Inheritance Tax
Inheritance tax is a type of tax you have to pay when you die; on all the assets you leave for your loved ones, like your home, investments, stocks, shares and possessions. This is normally known as your estate.
The Inland Revenue will receive 40% of your estate over the Nil Rate Band unless you plan in advance. We can legally help you and your family to significantly reduce your Inheritance Tax liability.
Although mitigation of Inheritance Tax (IHT) is limited via a Will, for couples who are unmarried, or not civil partners, then a "Nil Rate Band Discretionnary Trust" (NRBDT), can still be used as a useful IHT saving tool. This IHT planning used to be commonly used by married couples, (until 2007, when IHT rules changed), to reduce the IHT liabilities on the event of the second to die.
Long Term Care Issues
One in four women and one in six men may require some form of Long Term Care. Last year thousands of homes were sold to pay for long term care. Not only will we help clarify your position, but we will also help you to plan ahead and show you how to protect your estate and assets from this frightening scenario.
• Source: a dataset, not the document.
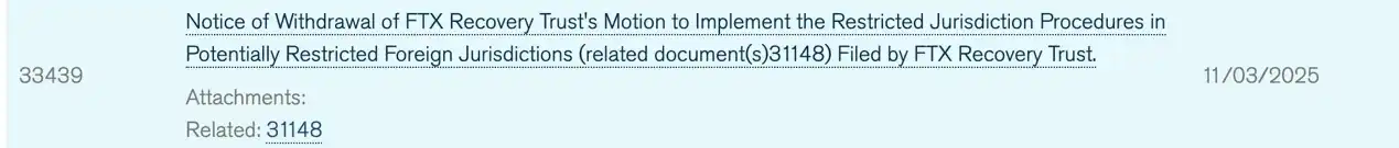 美国特拉华州破产法院于 2025 年 10 月 23 日对 FTX 追偿信托(FTX Recovery Trust)拟将中国大陆等 49 个司法辖区的债权人排除在主要赔付名单之外的动议再次听证后,迫于各方压力,FTX 追偿信托已正式撤回动议。

Inheritance Tax Saving Strategies
If your assets add up to more than the tax free allowance then Inheraitance Tax, levied at 40% will be payable on the excess.
It's easy to see how you can have more wealth than you think if you add up the value of your house, your bank accounts, investments & not only those, but also any life insurance policies.
We can help you to assess your liability to pay Inheritance Tax on your death & through our partners, advise on strategies to reduce or eliminate your exposure to inheritance tax. It's important to appreciate that to evade paying tax is illegal, but to avoid paying tax using perfectly legal tried & trusted strategies can mean your beneficiaries, such as your spouse or partner & perhaps, more importantly, your children, will inherit more of your estate instead of the Government.